Our current WM came via a one-day class, so they do work out.  We've had very few do it that way.

As far as Scottish Rite "reunions," my Valley doesn't do reunions.  We confer or communicate all 29 degrees over a ten month schedule, one night a month with a few months being twice a month.

The Minneapolis Valley is the most ambitious that I know of.  The do all 29 degrees in full form twice a year by meeting every Thursday night, and then also do a reunion weekend once a year.  So, they run through three classes a year, and you can choose whether to do them all in full form or do a reunion.


----------



## Brother_Steve (Jul 23, 2013)

lourocks said:


> One day classes are a joke they are banned here in ny that's horrible they still do that in some jurisdictions
> 
> Freemason Connect Mobile


I think it has its place. Military men for example should be eligible for ODC.

I will never ask someone if they were a ODCer though. I chose to go through the degrees on the advice of a friend who sparked my interest into the fraternity. I went through each degree with one month (28 days) in between.

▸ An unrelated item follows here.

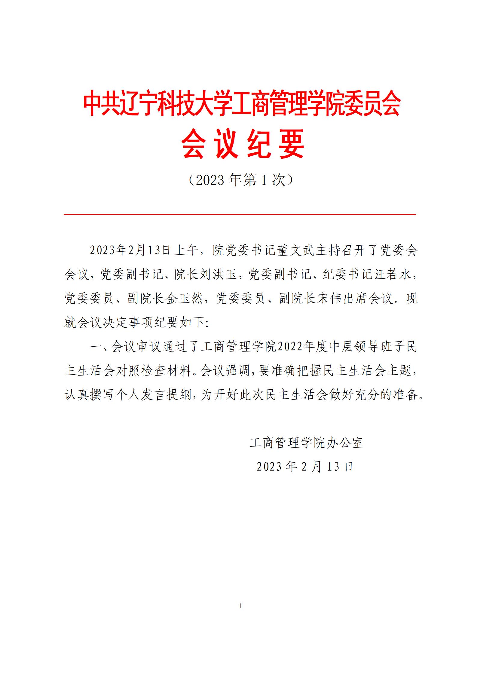中共安博官网线上平台工商管理学院委员会会议纪要(2023年第1次)

Having said that, the hatred I see towards a one day class (not the man specifically though) is because it is making a mason on site. Here is the crux of it though. Masonry is about learning over your lifetime. 3 months or one day ... you still have your whole life to experience masonry if you are serious about it.

A ODC does not bestow any sacred knowledge to the candidate that undermines anyone who went through the degrees.

To me, the only difference between a ODC mason and a 90 day mason is that the 90 day mason can recite his EA OB and FC OB and both of you are learning the MM proficiency.

There is more to masonry than just reciting ritual. Both are green and learning regardless of the degree work.


----------



## nfasson (Jul 23, 2013)

As someone who is going to attend a meeting to meet the local lodge members and hope to petition to start the process, I have to say being able to complete all the degrees in one day seems, well, too easy.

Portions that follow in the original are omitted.